Starting at the line containing "Packaging serves several" and ending at the line containing "Chaqueta Negra Aviadora Cuero Sintético", print every line of the material below exactly, both ends included, and stop there.

> _SUPPLIED RECORDS_:
◆ ◆ ◆ ◆ ◆

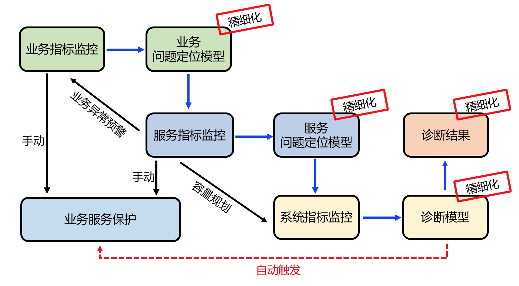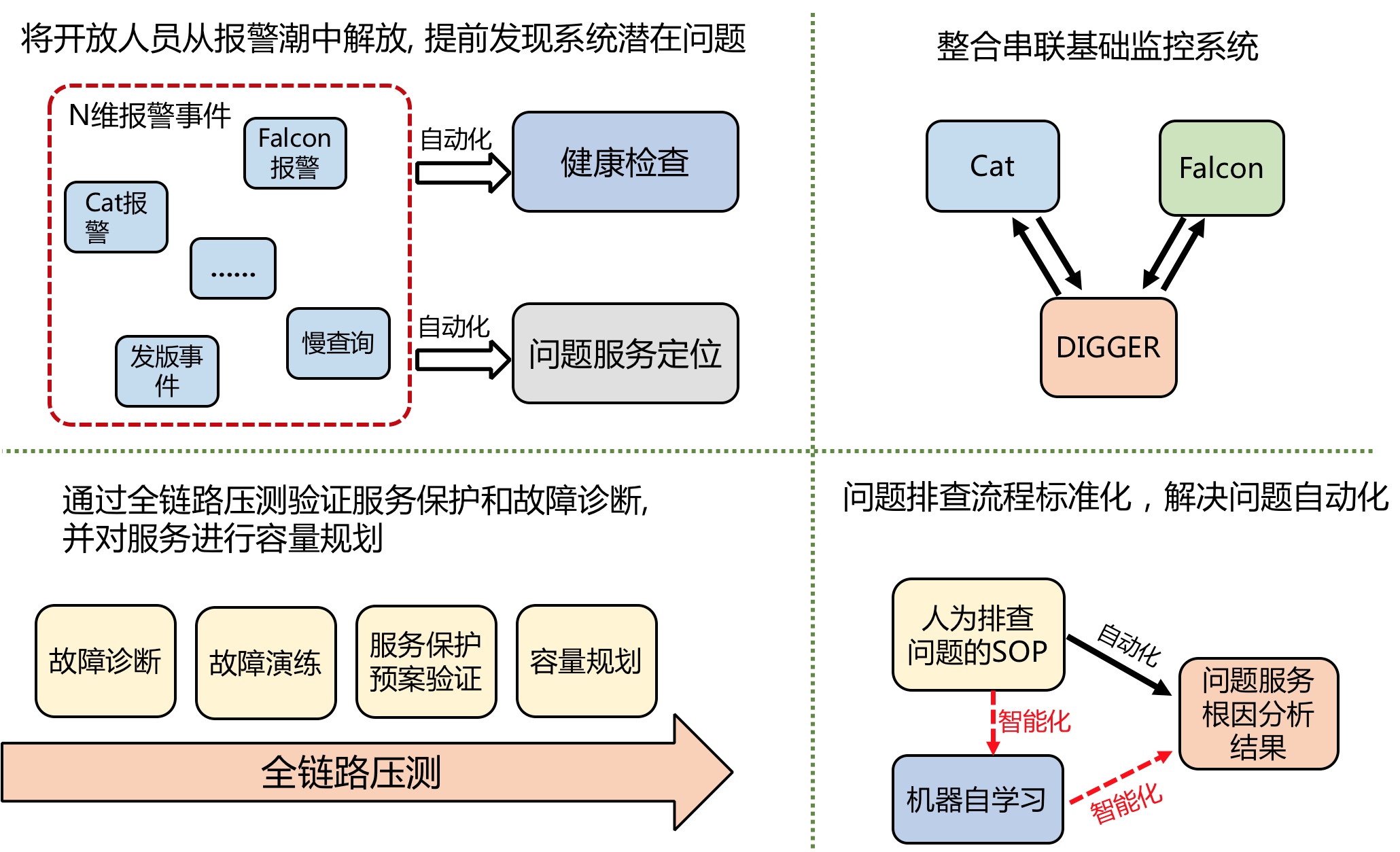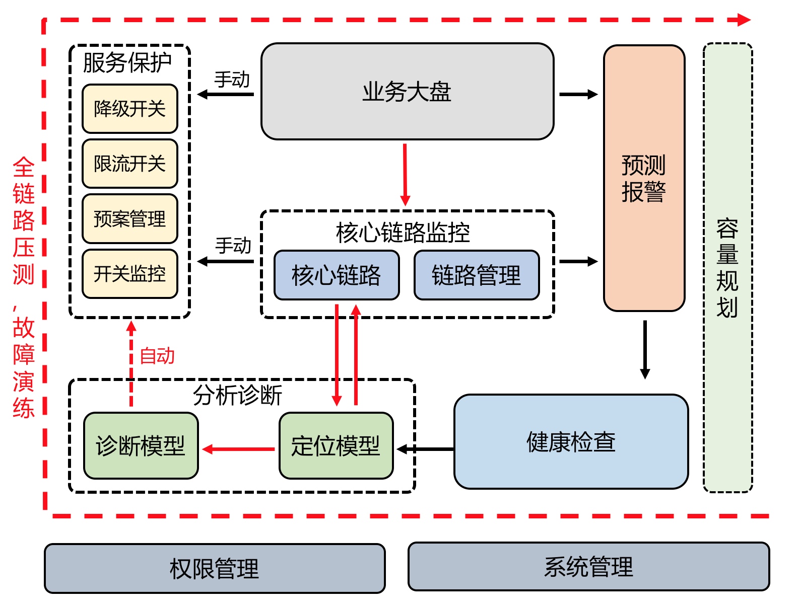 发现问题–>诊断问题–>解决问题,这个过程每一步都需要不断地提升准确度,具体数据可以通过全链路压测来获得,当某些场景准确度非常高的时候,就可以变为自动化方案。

◆ ◆ ◆ ◆ ◆

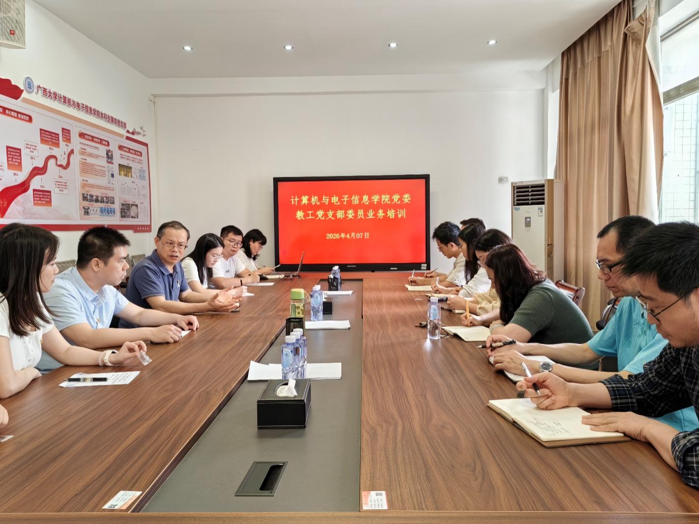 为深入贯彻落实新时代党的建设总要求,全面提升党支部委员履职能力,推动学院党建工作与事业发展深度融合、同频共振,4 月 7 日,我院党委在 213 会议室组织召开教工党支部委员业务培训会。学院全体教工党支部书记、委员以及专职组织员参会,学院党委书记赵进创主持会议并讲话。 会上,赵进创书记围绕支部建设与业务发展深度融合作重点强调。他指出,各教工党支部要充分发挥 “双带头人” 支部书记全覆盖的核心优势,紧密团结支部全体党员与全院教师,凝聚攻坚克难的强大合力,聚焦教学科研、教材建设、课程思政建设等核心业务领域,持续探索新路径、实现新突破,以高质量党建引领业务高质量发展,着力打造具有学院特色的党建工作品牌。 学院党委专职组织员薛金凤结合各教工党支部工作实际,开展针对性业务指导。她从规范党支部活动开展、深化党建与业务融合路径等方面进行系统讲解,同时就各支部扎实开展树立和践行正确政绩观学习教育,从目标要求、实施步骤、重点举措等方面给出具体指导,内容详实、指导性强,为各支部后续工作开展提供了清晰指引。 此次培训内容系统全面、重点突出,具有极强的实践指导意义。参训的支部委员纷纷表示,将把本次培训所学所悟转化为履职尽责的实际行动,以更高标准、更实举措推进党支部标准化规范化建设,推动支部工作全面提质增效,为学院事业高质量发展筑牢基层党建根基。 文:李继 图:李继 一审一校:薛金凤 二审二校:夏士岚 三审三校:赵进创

◆ ◆ ◆ ◆ ◆

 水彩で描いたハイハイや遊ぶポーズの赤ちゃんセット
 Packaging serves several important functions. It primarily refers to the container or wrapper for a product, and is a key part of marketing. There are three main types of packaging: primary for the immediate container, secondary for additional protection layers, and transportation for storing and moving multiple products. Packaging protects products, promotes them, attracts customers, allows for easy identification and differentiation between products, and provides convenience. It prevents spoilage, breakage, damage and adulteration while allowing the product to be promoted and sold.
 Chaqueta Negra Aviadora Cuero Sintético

◆ ◆ ◆ ◆ ◆

> _YOUR SOLUTION_:
 Packaging serves several important functions. It primarily refers to the container or wrapper for a product, and is a key part of marketing. There are three main types of packaging: primary for the immediate container, secondary for additional protection layers, and transportation for storing and moving multiple products. Packaging protects products, promotes them, attracts customers, allows for easy identification and differentiation between products, and provides convenience. It prevents spoilage, breakage, damage and adulteration while allowing the product to be promoted and sold.
 Chaqueta Negra Aviadora Cuero Sintético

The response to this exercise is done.